- _EXERCISE DIRECTIONS_: This exercise calls for retyping every line below exactly, with the images omitted.

- _RECORDS TO USE_:
=== Section Start ===

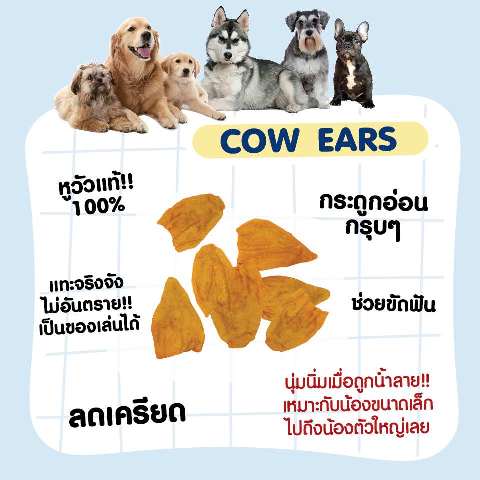 ใบหูแทรกด้วยกระดูกอ่อนกรุบๆ ให้น้องหมาแทะได้
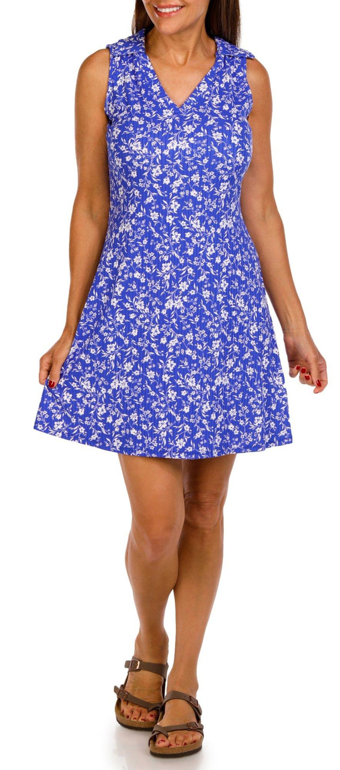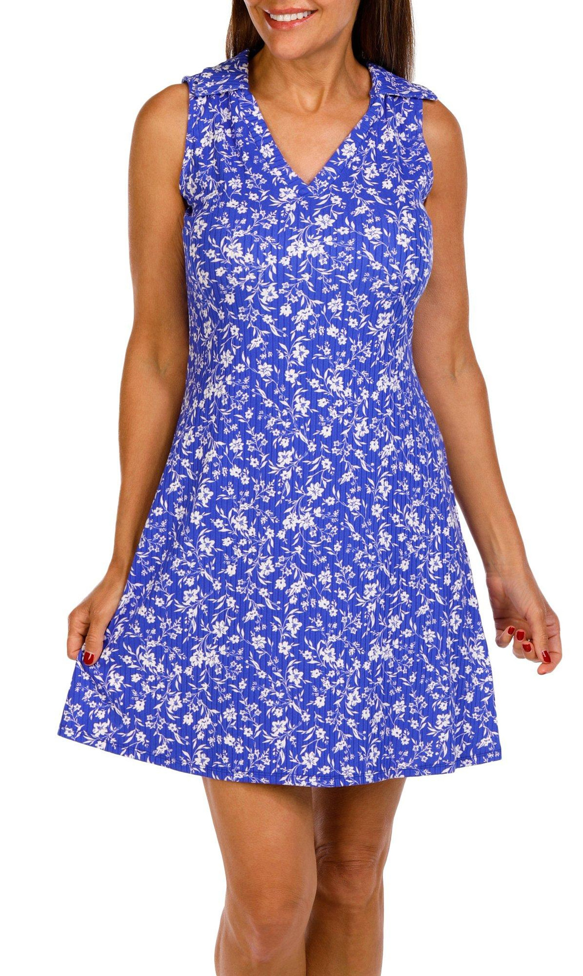 The Women’s Sleeveless Ribbed Polo Dress combines comfort and classic style with its flowy silhouette and charming print. Designed to flatter every body type, this dress offers a relaxed fit and soft fabric that moves with you. Perfect for warm weather, it is ideal for casual outings or dressing up for special occasions. Measures approximately 36 in. Fabrication is 92% polyester, 8% spandex.
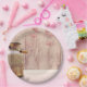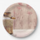 Papier Teller mit einem rustikalen Landdesign. Eine alte rostende Milch kann mit Weizen und verblassten roten Mohn im Hintergrund Set vor einem schwachen Holzpaneel. Holz ist nur ein Bild, nicht real.
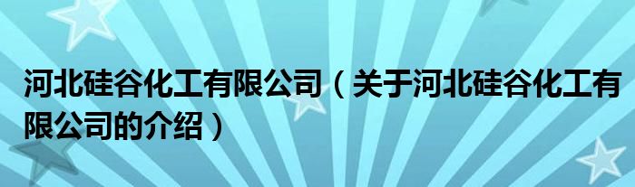 大家好,小新來(lái)為大家解答以上的問(wèn)題。河北硅谷化工有限公司,關(guān)于河北硅谷化工有限公司的介紹很多人還不知道,現(xiàn)在讓我們一起來(lái)看看吧!
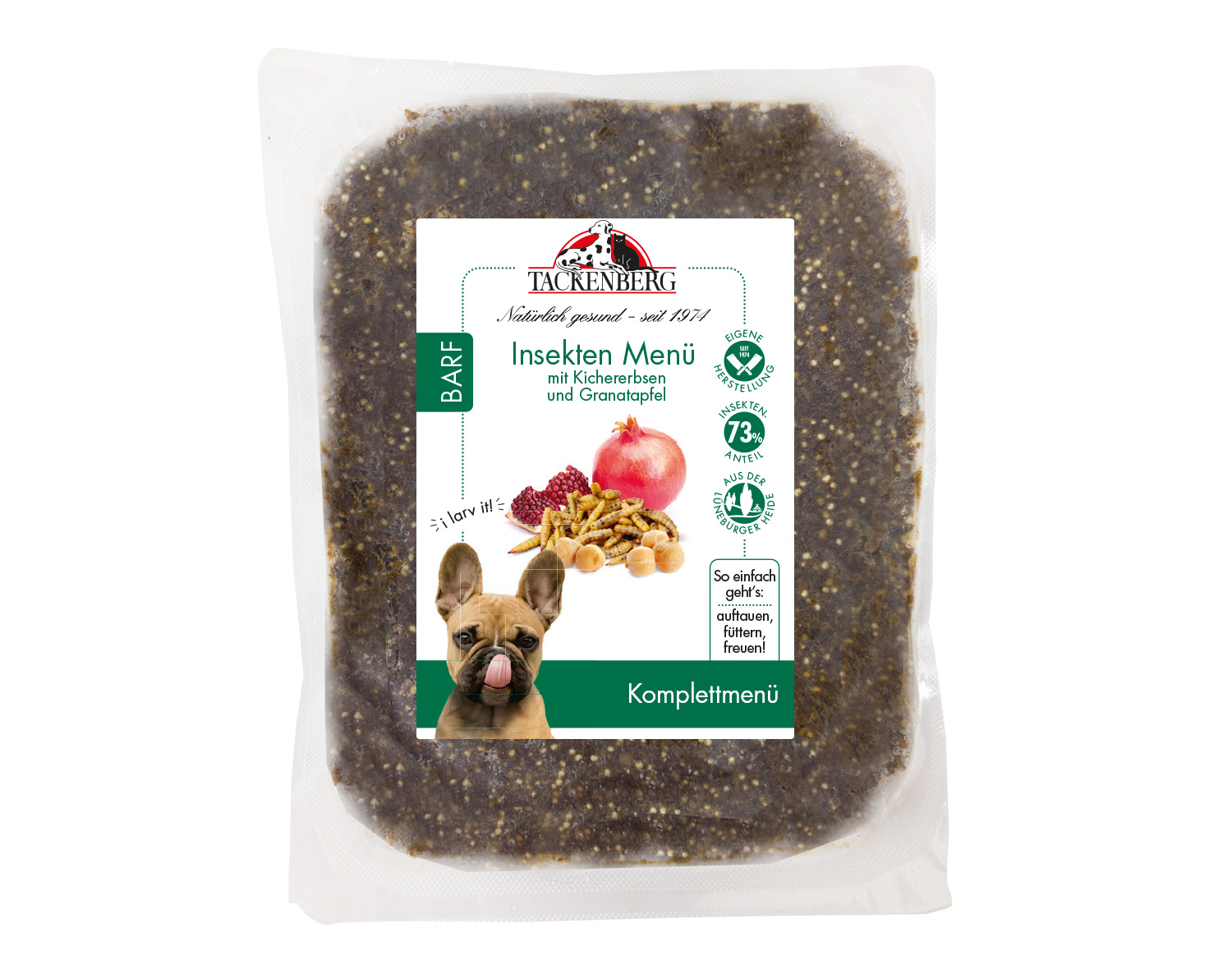 Dieses besondere BARF-Menü bietet deinem Vierbeiner eine ausgewogene Mischung aus proteinreichen Insekten (Mehlwürmer) und hochwertigen Superfoods. Die nachhaltige Kombination von Insekten-Barf mit ballaststoffreichen Kichererbsen und vitamin- sowie mineralstoffreichem Granatapfel fördert die Vitalität und das Wohlbefinden deines Hundes. Selbst für allergische Hunde ist dieses innovative Insekten-BARF eine wahre Delikatesse. Einfach das gefrorene Menü auftauen und direkt in den Napf geben.
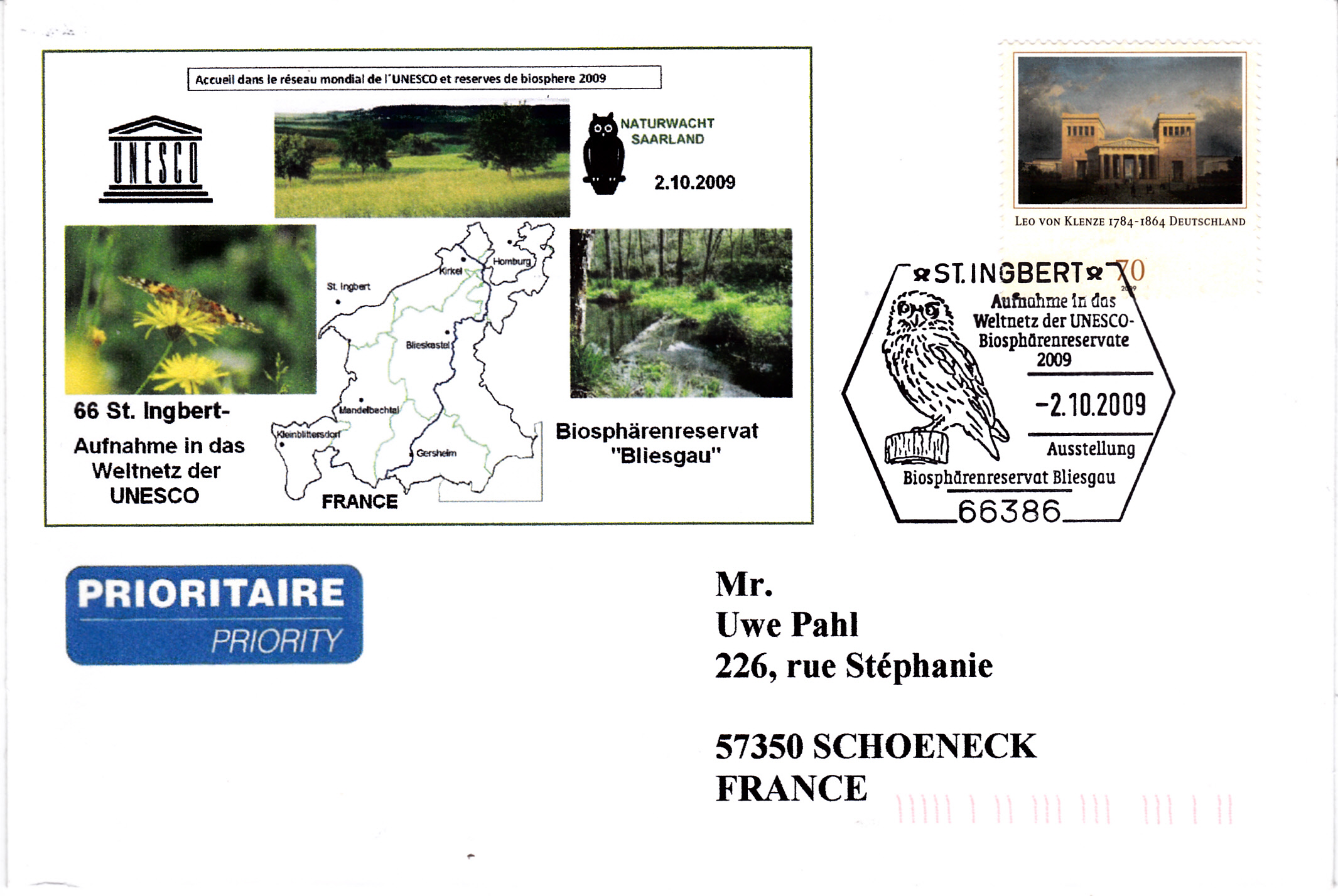 Dieser Sonderstempel vom 2.10.2009 aus St. Ingbert zeigt im Stempelbild einen Steinkauz.

=== Section End ===

- _TASK SOLUTION_:
 ใบหูแทรกด้วยกระดูกอ่อนกรุบๆ ให้น้องหมาแทะได้
 The Women’s Sleeveless Ribbed Polo Dress combines comfort and classic style with its flowy silhouette and charming print. Designed to flatter every body type, this dress offers a relaxed fit and soft fabric that moves with you. Perfect for warm weather, it is ideal for casual outings or dressing up for special occasions. Measures approximately 36 in. Fabrication is 92% polyester, 8% spandex.
 Papier Teller mit einem rustikalen Landdesign. Eine alte rostende Milch kann mit Weizen und verblassten roten Mohn im Hintergrund Set vor einem schwachen Holzpaneel. Holz ist nur ein Bild, nicht real.
 大家好,小新來(lái)為大家解答以上的問(wèn)題。河北硅谷化工有限公司,關(guān)于河北硅谷化工有限公司的介紹很多人還不知道,現(xiàn)在讓我們一起來(lái)看看吧!
 Dieses besondere BARF-Menü bietet deinem Vierbeiner eine ausgewogene Mischung aus proteinreichen Insekten (Mehlwürmer) und hochwertigen Superfoods. Die nachhaltige Kombination von Insekten-Barf mit ballaststoffreichen Kichererbsen und vitamin- sowie mineralstoffreichem Granatapfel fördert die Vitalität und das Wohlbefinden deines Hundes. Selbst für allergische Hunde ist dieses innovative Insekten-BARF eine wahre Delikatesse. Einfach das gefrorene Menü auftauen und direkt in den Napf geben.
 Dieser Sonderstempel vom 2.10.2009 aus St. Ingbert zeigt im Stempelbild einen Steinkauz.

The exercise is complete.